Python statistics and analytics

I saw two links on Python for statistics this morning, and that made me think that I should share those and the libraries I know of for doing analytics in Python.

First of all, the ones that inspired the post:

Statistical analysis made easy in Python with SciPy and pandas DataFrames. This post is a neat summary of how to work with multiple tables of sampling results in a concise manner using tools that are readily developed.  No more reading in CSV files line by line, doing your own conversions of values, and then writing statistical routines that you later have to optimize.  This and the library mentioned in the comments will get you so much further, and both incorporate and extend numpy and scipy, so you can write your own optimized routines that use the components from these libraries.

Finally, since this is a spatial blog, I want to point out Luc Anselin and ASU’s excellent routines for Spatial Analysis, PySAL.  These routines provide clustering, smoothing, computational geometry, spatial weighting, econometrics, and dynamics functions. The computational geometry routines are of a different class than those that appear in Shapely, but that is not to dismiss Shapely, which is an excellent library for handing the kinds of transformations and spatial joins common in everyday analysis.

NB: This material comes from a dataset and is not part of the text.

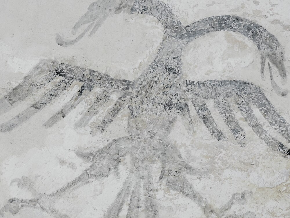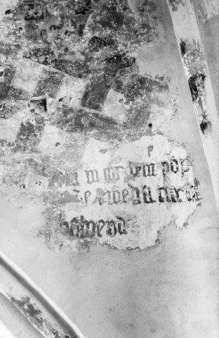 Objectenmet "muurschildering id:1b Dubbele zwarte adelaar + opschrift [ANNO DOMIN]I MCCCCLXII POP[TATUS] DE EMEDA CURA[TUS] […] BEND […]"

As for what Geoanalytics uses in its core functionality, we have:

  • Shapely – computational geometry.
  • Numpy – numerical computation over rasters and irregular grids, palleting.
  • Scipy – interpolation, image processing.
  • Numexpr – high speed bulk arithmetic on arrays.
  • Pandas – Paired with OGR, an array interface to feature collections.
  • GEOS – toplogy and transformation library inspired by the JTS.
  • GDAL/OGR – file format conversions, spatial indexing.
  • Spatialite3 – Spatial indexing.
  • PostGIS – GIS in Postgres, used by the GeoDjango ORM layer
  • GeoDjango – Geographic extensions to Django.

Scientists write analytics in a wide range of languages and frameworks, however, including Fortran, GRASS, C, and Java.  Because of this, Geoanalytics is decoupled from the underlying analytics platform giving scientists the independence they need to incorporate their existing models and analytics.  Geoanalytics instead focuses on providing source data and publishing results in common, easily accessible formats, executing computations on marshalled computational resources, and providing the framework for new geographic analytics software written in Python.